*** Opening Listed records ***

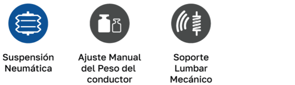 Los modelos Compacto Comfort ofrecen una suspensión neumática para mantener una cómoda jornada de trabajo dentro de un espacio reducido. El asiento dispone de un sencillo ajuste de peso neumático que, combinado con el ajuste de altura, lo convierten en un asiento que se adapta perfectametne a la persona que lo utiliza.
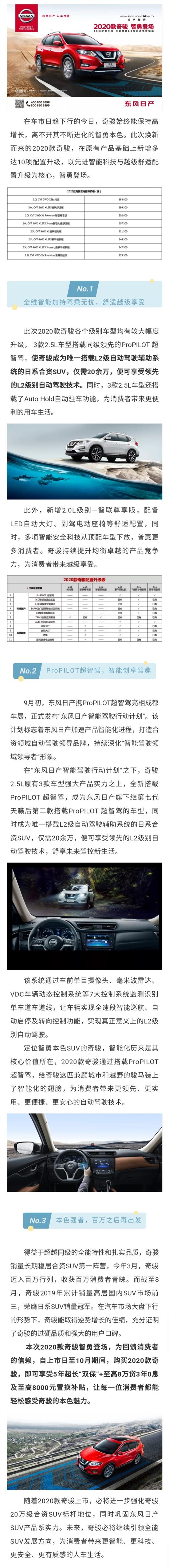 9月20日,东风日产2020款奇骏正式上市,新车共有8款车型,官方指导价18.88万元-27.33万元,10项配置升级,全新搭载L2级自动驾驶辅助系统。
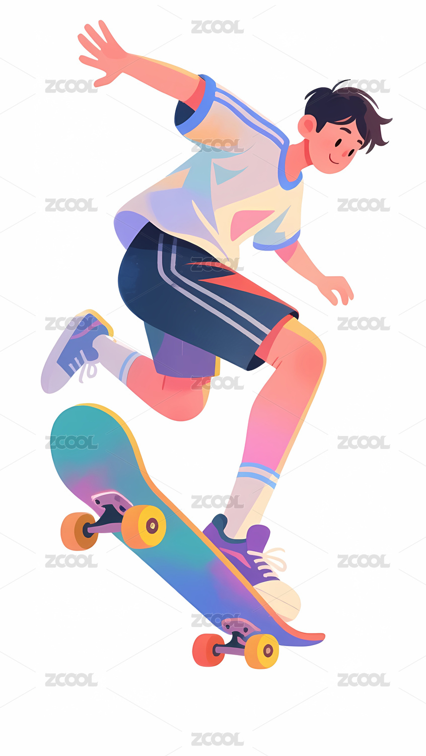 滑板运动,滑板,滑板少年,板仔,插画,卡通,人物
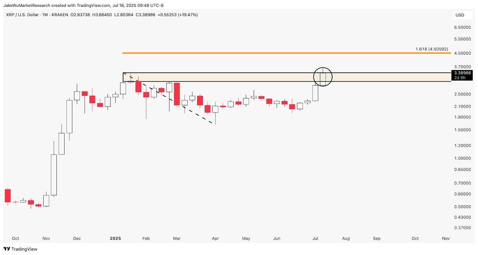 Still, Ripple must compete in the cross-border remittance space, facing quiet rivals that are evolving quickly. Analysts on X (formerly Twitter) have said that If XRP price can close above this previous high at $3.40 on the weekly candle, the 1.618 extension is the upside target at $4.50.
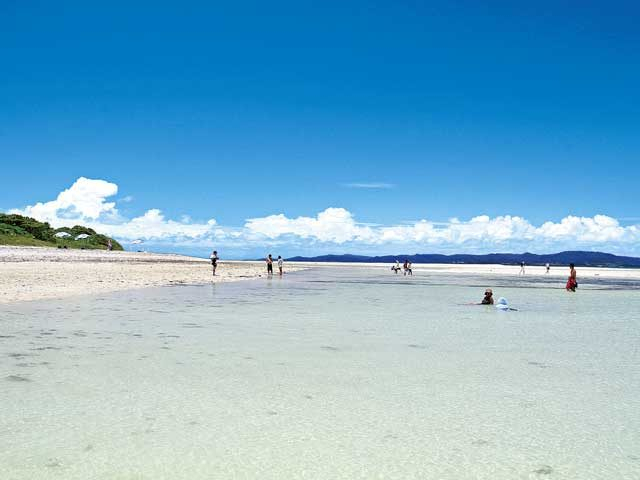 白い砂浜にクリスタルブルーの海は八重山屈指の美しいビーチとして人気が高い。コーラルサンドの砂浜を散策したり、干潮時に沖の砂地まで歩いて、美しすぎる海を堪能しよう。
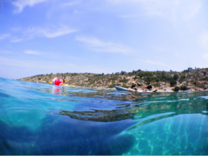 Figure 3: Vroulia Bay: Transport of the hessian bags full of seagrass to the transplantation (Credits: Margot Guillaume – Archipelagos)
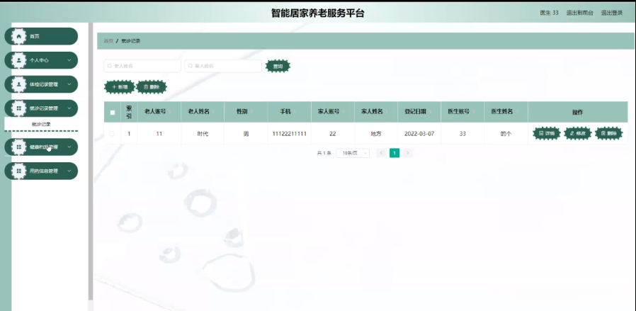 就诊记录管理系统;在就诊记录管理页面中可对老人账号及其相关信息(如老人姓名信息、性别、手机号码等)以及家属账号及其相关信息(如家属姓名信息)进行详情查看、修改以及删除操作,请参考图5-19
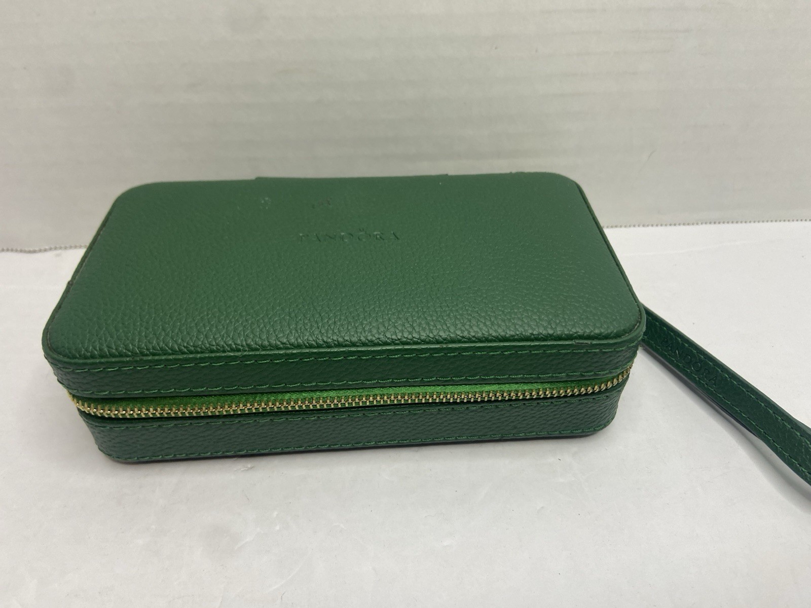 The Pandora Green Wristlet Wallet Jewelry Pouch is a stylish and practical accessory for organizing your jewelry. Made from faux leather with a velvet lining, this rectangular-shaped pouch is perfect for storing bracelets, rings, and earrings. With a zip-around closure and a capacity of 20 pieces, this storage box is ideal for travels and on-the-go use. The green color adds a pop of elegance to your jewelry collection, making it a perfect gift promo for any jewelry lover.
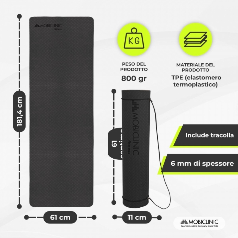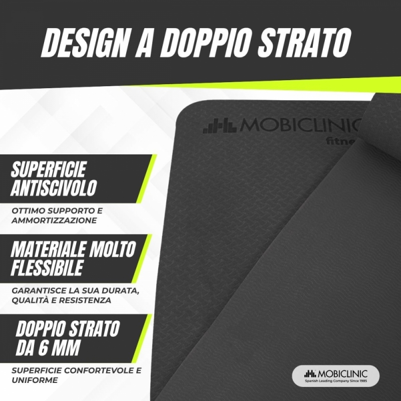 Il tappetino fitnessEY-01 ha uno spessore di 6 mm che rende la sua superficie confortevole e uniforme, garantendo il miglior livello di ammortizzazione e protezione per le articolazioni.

*** Closing Listed records ***
*** Opening Listed records ***

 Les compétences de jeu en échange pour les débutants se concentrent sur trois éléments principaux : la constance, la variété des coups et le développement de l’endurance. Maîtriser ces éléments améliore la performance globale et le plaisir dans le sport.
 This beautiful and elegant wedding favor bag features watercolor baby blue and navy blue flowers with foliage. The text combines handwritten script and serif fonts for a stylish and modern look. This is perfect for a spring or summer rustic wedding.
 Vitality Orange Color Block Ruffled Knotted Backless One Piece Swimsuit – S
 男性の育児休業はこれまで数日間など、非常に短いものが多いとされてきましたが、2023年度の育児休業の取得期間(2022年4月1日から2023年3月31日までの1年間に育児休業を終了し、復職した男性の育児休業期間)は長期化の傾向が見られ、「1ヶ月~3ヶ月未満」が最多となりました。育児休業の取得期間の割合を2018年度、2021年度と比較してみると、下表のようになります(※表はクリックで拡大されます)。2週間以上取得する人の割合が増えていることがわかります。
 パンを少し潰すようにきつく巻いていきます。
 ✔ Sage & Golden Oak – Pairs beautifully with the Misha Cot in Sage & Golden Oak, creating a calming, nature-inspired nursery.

*** Closing Listed records ***

▶ Exercise instructions: Working from the entries above, please transcribe only the lines from the line with "就诊记录管理系统;在就诊记录" through the line with "Il tappetino fitnessEY-01", exactly, with both end lines and without pictures.

▶ Response to the task:
 就诊记录管理系统;在就诊记录管理页面中可对老人账号及其相关信息(如老人姓名信息、性别、手机号码等)以及家属账号及其相关信息(如家属姓名信息)进行详情查看、修改以及删除操作,请参考图5-19
 The Pandora Green Wristlet Wallet Jewelry Pouch is a stylish and practical accessory for organizing your jewelry. Made from faux leather with a velvet lining, this rectangular-shaped pouch is perfect for storing bracelets, rings, and earrings. With a zip-around closure and a capacity of 20 pieces, this storage box is ideal for travels and on-the-go use. The green color adds a pop of elegance to your jewelry collection, making it a perfect gift promo for any jewelry lover.
 Il tappetino fitnessEY-01 ha uno spessore di 6 mm che rende la sua superficie confortevole e uniforme, garantendo il miglior livello di ammortizzazione e protezione per le articolazioni.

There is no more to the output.